Pyrroloquinoline quinone (PQQ) is an essential redox cofactor in bacterial calcium- and lanthanide-dependent alcohol dehydrogenases. Although certain bacteria are known to synthesize and secrete PQQ, little is known about trafficking of this cofactor within and between cells. Here, we show that a previously uncharacterized periplasmic (solute) binding protein from Methylobacterium extorquens AM1, here renamed PqqT, binds 1 equiv of PQQ with high affinity (Kd = 50 nM).
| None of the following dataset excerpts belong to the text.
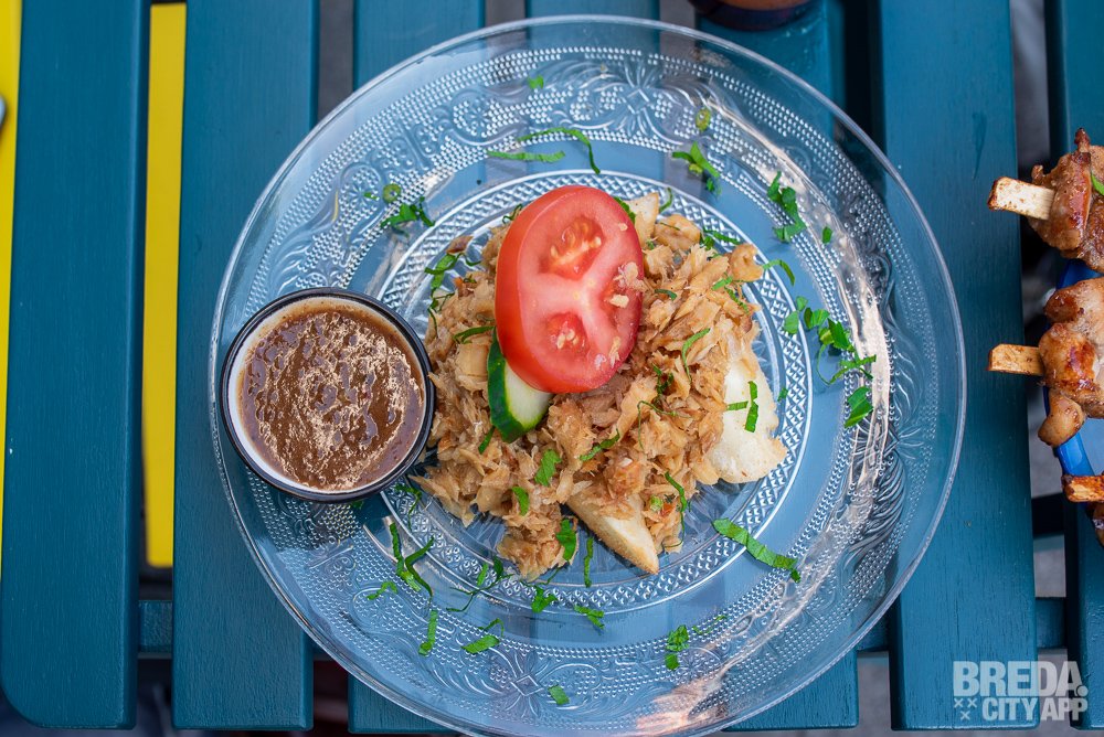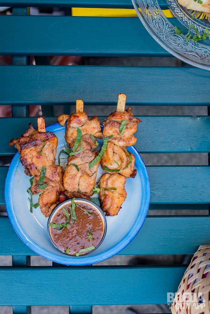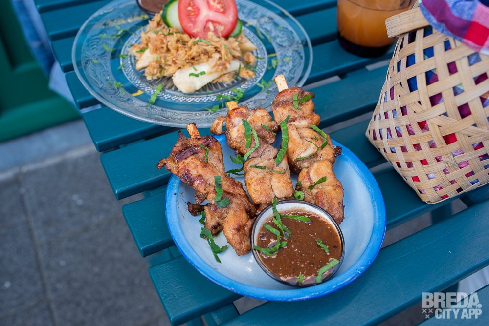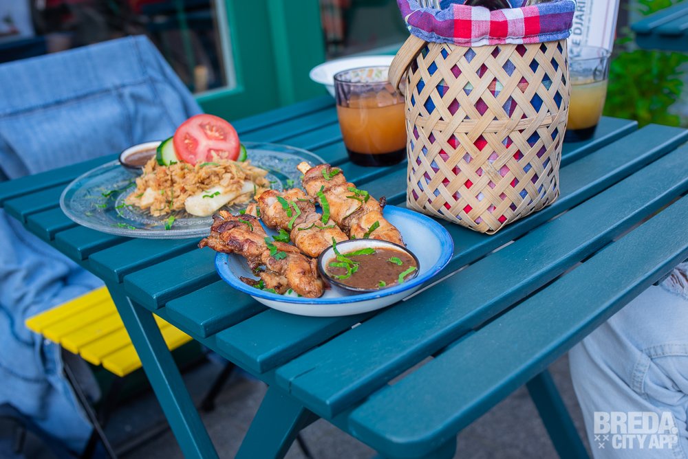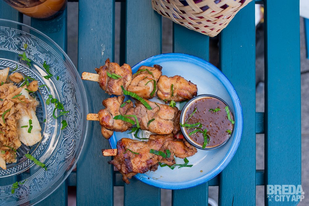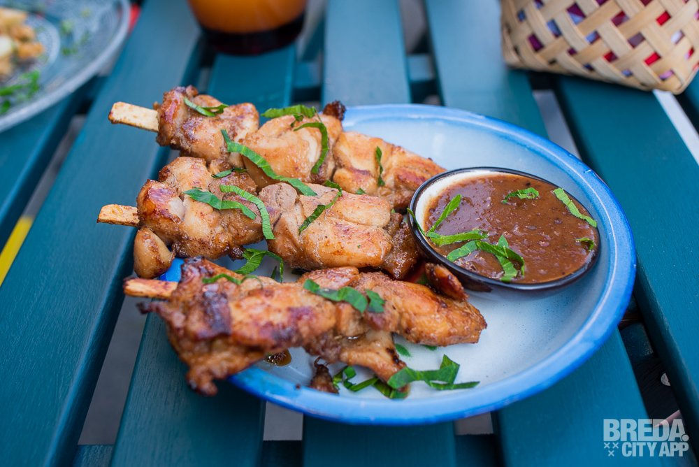 Het tweede voorgerecht zijn kipspiesjes van kippendij-filet met daarbij pindasaus waar wat Surinaamse pit aan toegevoegd is. De saus is een klein beetje pittig en dus ook voor vrijwel iedereen te eten.
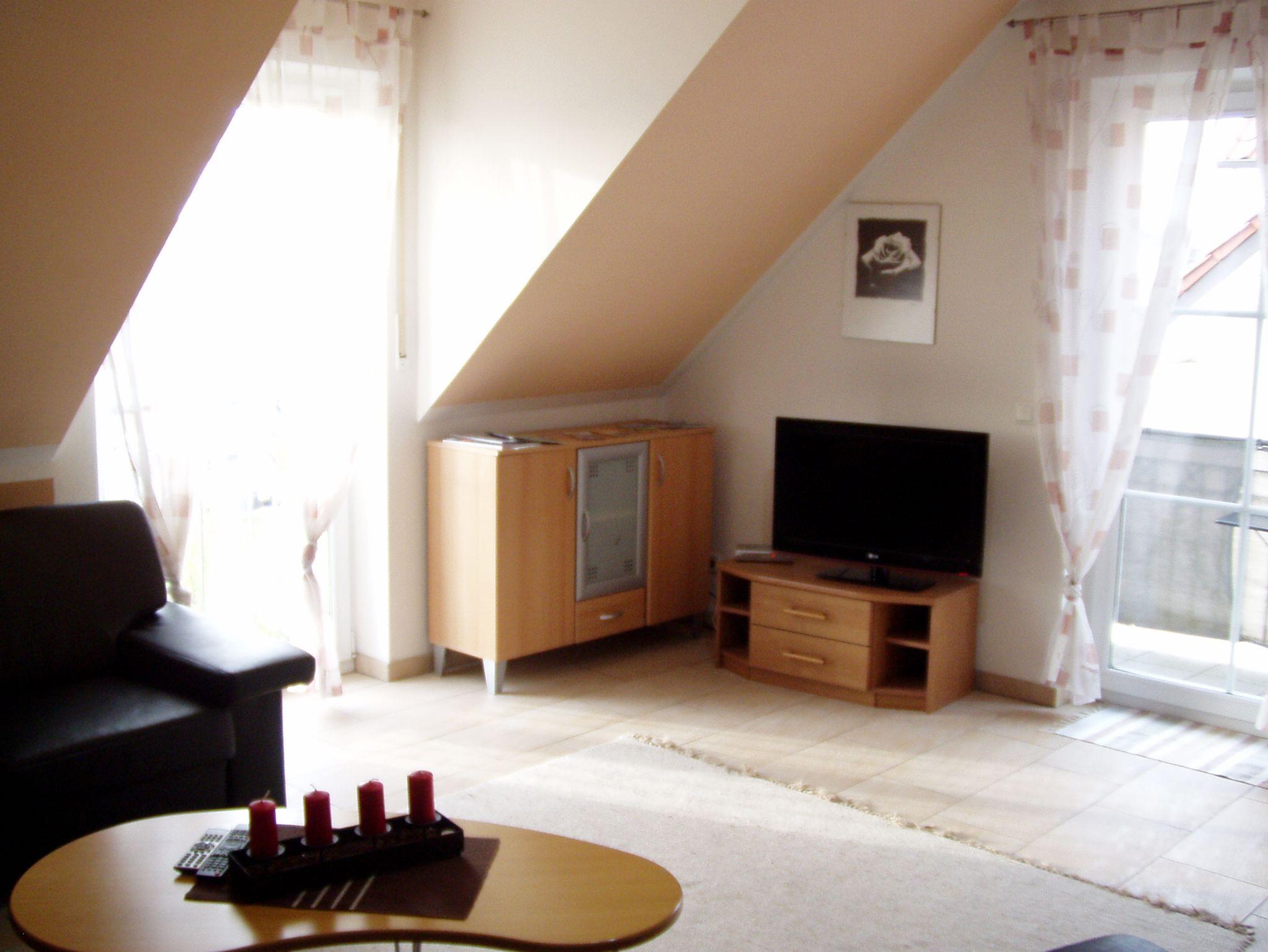 Das gemütliche Wohnzimmer mit Couch, Tisch, SAT-TV und Radio lädt zum Verweilen ein. Die komplett
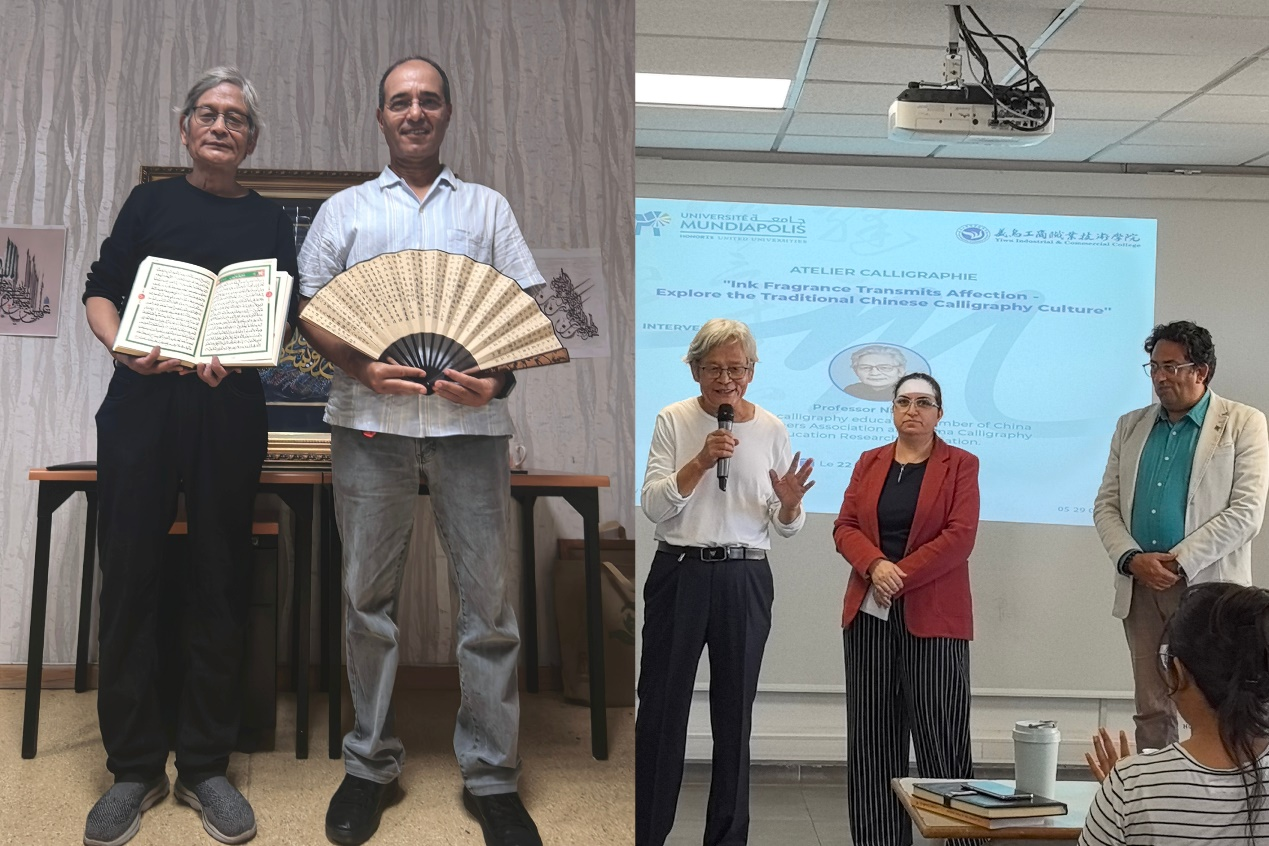 【摩洛哥,卡萨布兰卡】当地时间10月22日摩洛哥义乌商学院的校园里,一场主题为“墨香传情——体验中国传统书法文化”的交流活动拉开帷幕。此次活动特邀国内知名书法教育家、我校国际学生第二课堂书法教师南峰先生,为师生们带来了一场书法文化的盛宴。南老师到访期间,受到了合作院校巴尔卡维校长、穆查拉布副校长,法学院阿里教授的热情接待。在该校两个校区相继举行的两场活动中,吸引了合作院校蒙迪亚波利斯大学数百名师生热情参与,现场气氛活跃,墨香四溢,中国传统文化魅力引起了广泛的共鸣。

UV-visible and spectrofluorometric titrations establish that PqqT binds an unhydrated form of PQQ with distinct spectral features from the cofactor in free solution. To our knowledge, PqqT is the first solute-binding protein identified for PQQ and the first protein implicated in cellular trafficking of the cofactor. We propose that PqqT, which is encoded adjacent to a putative ATP-binding cassette transporter in the M. extorquens genome, is involved in uptake of exogenous PQQ to supplement endogenous cofactor biosynthesis. These results support the emerging importance of PQQ transfer within microbial and microbe-host communities.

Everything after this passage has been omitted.